Is there any way to get more?
steve albini
Electrical Audio
sa at electrical dot com
Quicumque quattuor feles possidet insanus est.

Puzzle: The Monty Hall problem

133
steve wrote:Here is my solution:

I win 18 sets by a score of 10-9
I win one set by a score of 10-8
I lose one set by a score of 9-10
I lose 2 sets by a score of 0-10.

At this point, I have won 199 games, my opponent has won 200 games. I begin another set by letting him win one more, giving him 201. This loses the 400 game match for me, winning my sauce bet.
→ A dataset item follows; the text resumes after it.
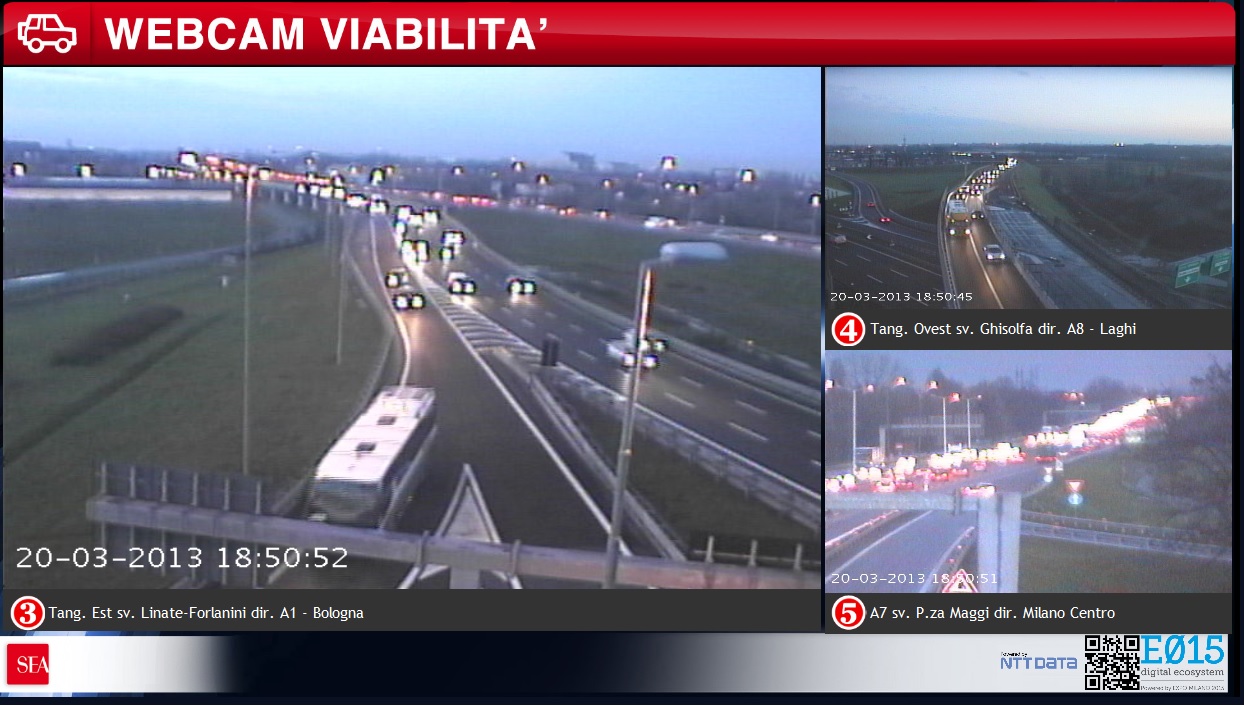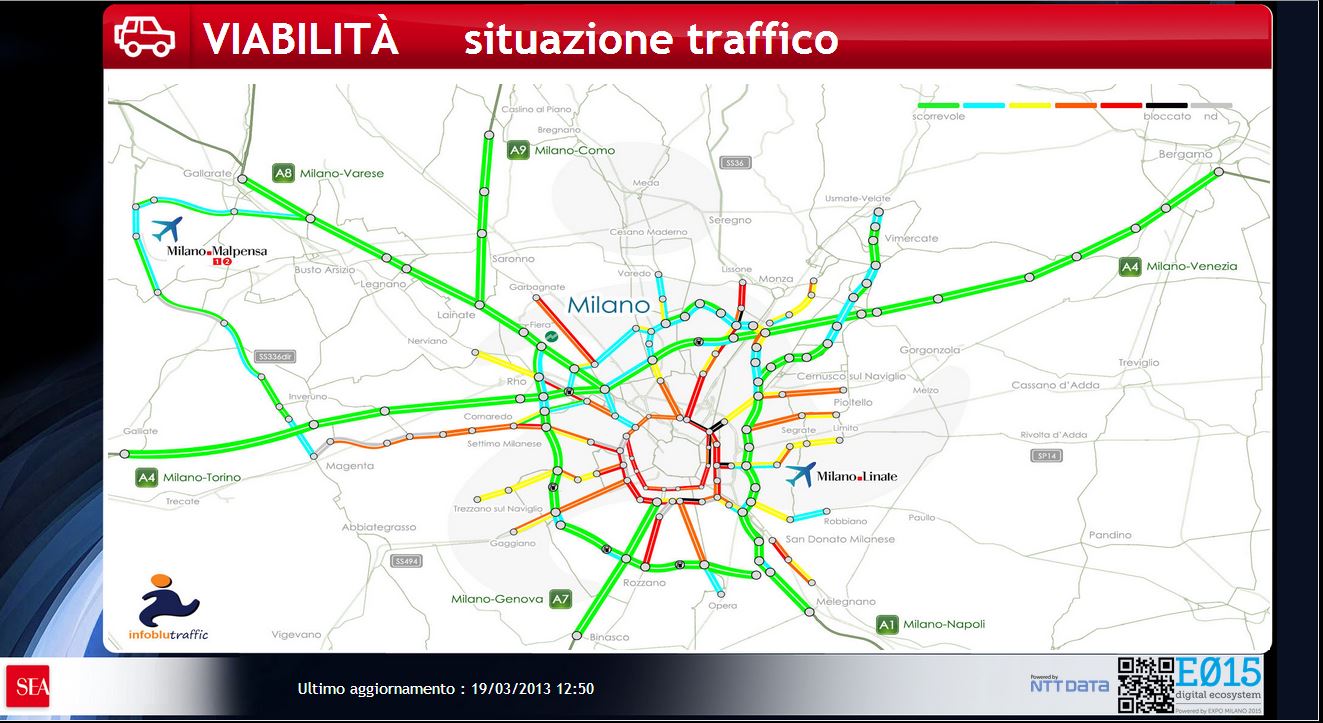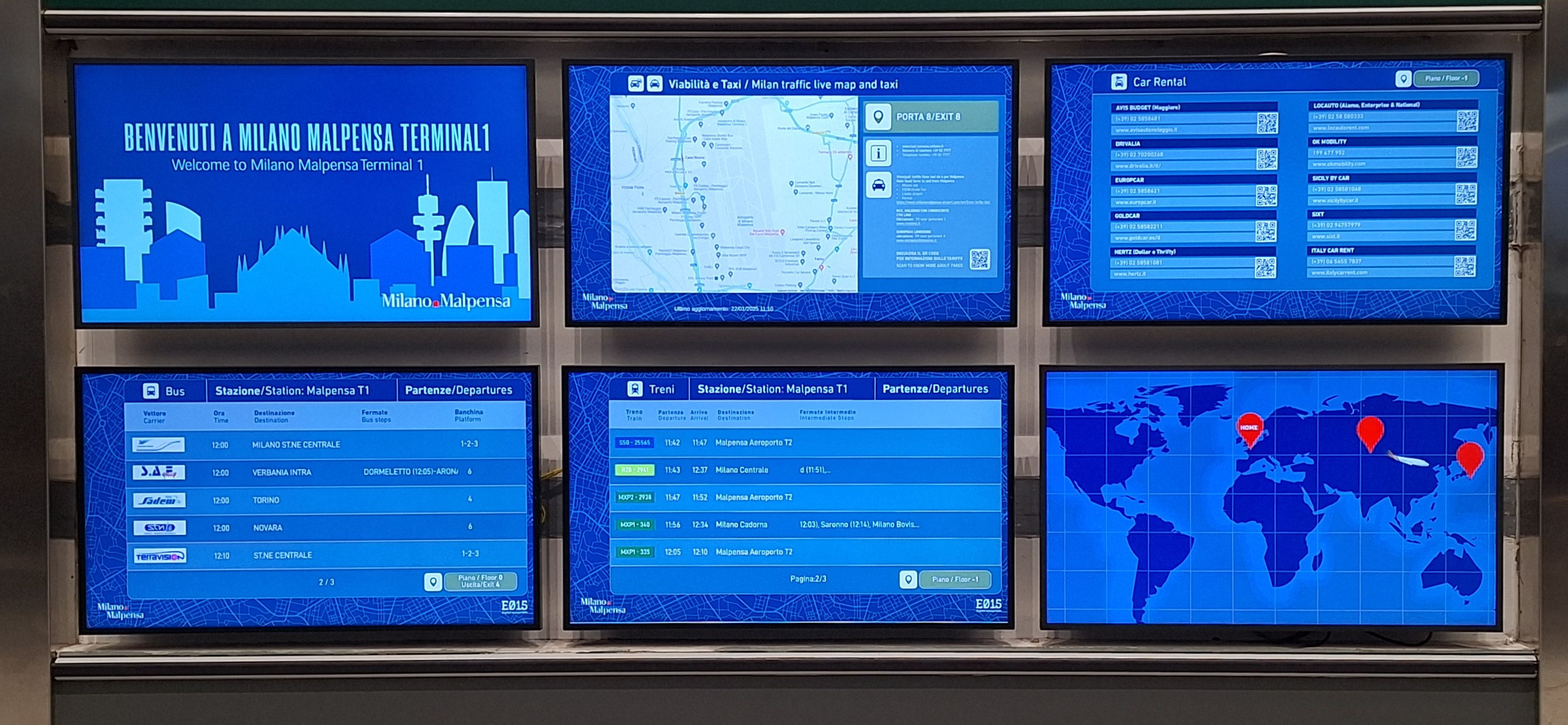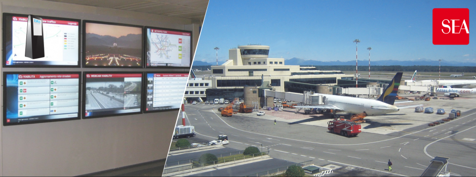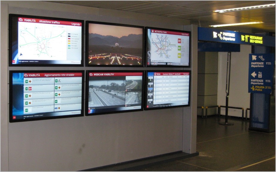 Visualizzazione dei principali dati relativi alla mobilità che interessano gli aeroporti di Milano attraverso monitor posti nelle aree arrivi e riconsegna bagagli di Malpensa e Linate .

I then go on to win the current set by a score of 10-1.

Final win (after finishing the set): $11780

Redistributing the losses allows me to begin another set while the series is still underway. As long as I lose the first game of this new set, I win the sauce bet.

Is there any way to get more?


I was trying to get something like that, but couldn't get it. So the rule is, any set left uncompleted after the 400 gets finished, and gets counted in your winnings, but no games or sets after that set, right?

I think my assumptions above are still fundamentally sound, except that you can only win 19 sets before the 400 is completed. Of course, you can only win 1 set afterwards, since the only set after the 400 that may count is a set that is incomplete at the 400th game, and there can only be one incomplete set at any given time. So: if 19 sets before is a maximum, and 1 set after is a maximum, then 20 sets total should be a maximum. Next step, minimizing sets lost: the most games you can let your opponent lose in your 19 winning sets is 171. As we see, this is not optimal, as it doesn't let you count that extra set in your winnings. So, if we cut that down to 170 (your solution) or even as low as 162 (win 18 10-9, win 1 10-0, lose 1 10-9, lose 2 10-0, lose the first 9 of the next set, then go on to win it 10-9, which gives the same result), we can add the extra set. But if you bring it to 161 (or fewer), that means your opponent has to get 40 more wins (or more) while you only get 9, which means your opponent needs (at least) 4 more sets. As long as your opponent doesn't win xx1 games in the first 19 sets, you can still get that extra set at the end, but if your opponent loses fewer than 162 games in the first 19 sets, he'll have to win more than 3 sets after that. So now I think your solution (or the variant I gave above) is optimal.

So what am I missing now?
Why do you make it so scary to post here.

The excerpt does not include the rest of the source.